**Task description**
Starting at the line that contains "Sei informato su", write out each line exactly through the last one in the material below, and nothing more; omit all pictures.

**Given information**

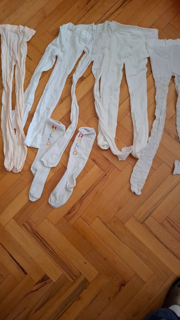 Beyaz keten kumaştan, desensiz çocuk külotlu çoraplar. Bir çiftin ayak kısmında renkli 'HELLO' yazısı bulunur. Hepsinin fiyatıdır. Sıfır ayarındadır 4_5 yaş
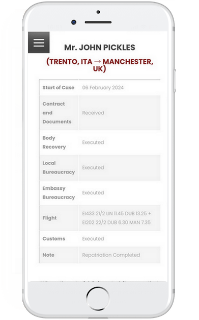 Sei informato su ogni fase del rimpatrio, dagli appuntamenti con le autorità agli spostamenti del defunto, per garantirti piena trasparenza in ogni momento.
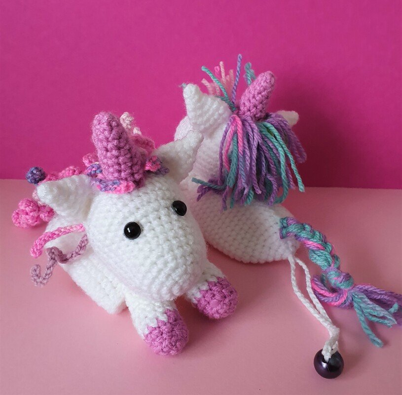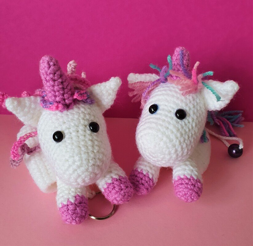 Das Einhorn besteht ausschließlich aus festen Maschen, Luftmaschen und Kettmaschen.
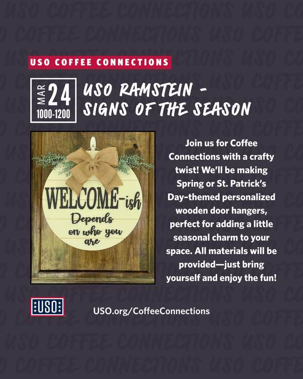 USO Canine Volunteers will be on-site to provide plenty of puppy love while we serve up fresh, delicious pancakes for the Ramstein community. Whether you’re working or just need a pick-me-up, stop by to enjoy some furry friends and flapjacks!

**Response**
 Sei informato su ogni fase del rimpatrio, dagli appuntamenti con le autorità agli spostamenti del defunto, per garantirti piena trasparenza in ogni momento.
 Das Einhorn besteht ausschließlich aus festen Maschen, Luftmaschen und Kettmaschen.
 USO Canine Volunteers will be on-site to provide plenty of puppy love while we serve up fresh, delicious pancakes for the Ramstein community. Whether you’re working or just need a pick-me-up, stop by to enjoy some furry friends and flapjacks!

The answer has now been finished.